3. Verfassungsgerechtes Verwaltungsverfahren, das den Landes- und Kommunalbehörden nicht bundesrechtlich die Gesetzesausführung vorschreibt.

4. Verbot eines allgemeinen Personenkennzeichens für den öffentlichen und privaten Bereich, - "solange ein Datenschutzgesetz nicht verhindert, daß diese Numerierung zur bundeseinheitlichen Erfassung und Verplanung führt".

5. Weitergabe personenbezogener Daten in der öffentlichen Verwaltung nur zur Erfüllung explizit definierter gesetzlicher Aufgaben.

6. Verbot der Weitergabe sogenannter freier Daten durch Behörden an Privatpersonen.

7. Mehr Unabhängigkeit des Bundesdatenschutzbeauftragten durch organisatorische Unabhängigkeit vom Bundesinnenministerium,

8. Grundsätzliches Verbot, im privaten Bereich Daten über gesundheitliche Verhältnisse, strafbare Handlungen Ordnungswidrigkeiten sowie religiöse und Politische Anschauungen zu speichern, sofern nicht die Einwilligung des Betroffenen vorliegt.

9. Erweiterung des Betriebsverfassungsgesetzes zum Schutze von Arbeitnehmer-Daten, so daß auf staatliche Kontrolle der firmeninternen Verarbeitung personenbezogener Daten verzichtet werden kann.

10. Schaffung eines Maßnahmenkataloges für die geschäftsmäßige Datenverarbeitung für Dritte, der den Datenschutz soweit sicherstellt, daß auf eine staatliche Kontrollinstanz auch hier verzichtet werden kann.

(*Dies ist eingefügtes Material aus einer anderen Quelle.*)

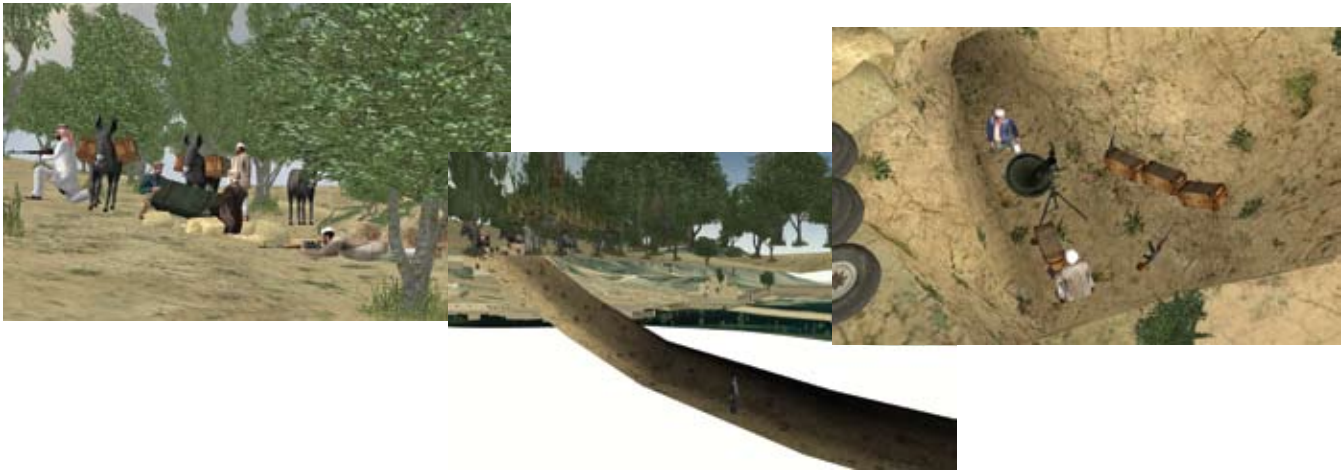
Three views in VRSG of a tunnel complex on MetaVR's Afghanistan virtual terrain: the entrance and exit and a cross-section view of the tunnel from below the terrain.

The tunnel and cave complex in this virtual terrain has an entry point in one of the buildings that is linked to a cave and tunnel position in the courtyard, which could be used as a mortar position. The tunnel exits some distance away in a heavily wooded area behind the building complex and courtyard. The tunnel network is modeled with geometry and textures much like the above-ground terrain. It can support the underground traversal of small entities such as small unmanned ground vehicles (SUGVs) or characters.

Da das Bundesdatenschutzgesetz zustimmungsbedürftig ist, hat die CDU/CSU diese Woche die Chance, ihre Vorstellungen im Bundesrat durchzusetzen. Dazu Gerster: "Wir gehen davon aus, daß unsere Änderungsanträge in den Beratungen im Bundesrat eine Mehrheit finden werden."

Wahlkampf-Taktik?

Wenn das Bundesdatenschutzgesetz überhaupt eine Chance hat, unter diesen Umständen noch in dieser Legislaturperiode verabschiedet zu werden, dann nur wenn in den verbleibenden zwei Wochen vor Auflösung des Bundestages im Vermittlungsauschuß ein Kompromiß gefunden werden kann. Einerseits ist die Regierung - wohl auch aus wahlkampftaktischen Überlegungen - stark interessiert, dieses "Jahrhundertgesetz" noch im Siebten Bundestag durchzubringen, andererseits haben die Koalitions-Fraktionen in den bisherigen Beratungen die Notwendigkeit der CDU/CSU-Änderungsvorschläge strikt betritten.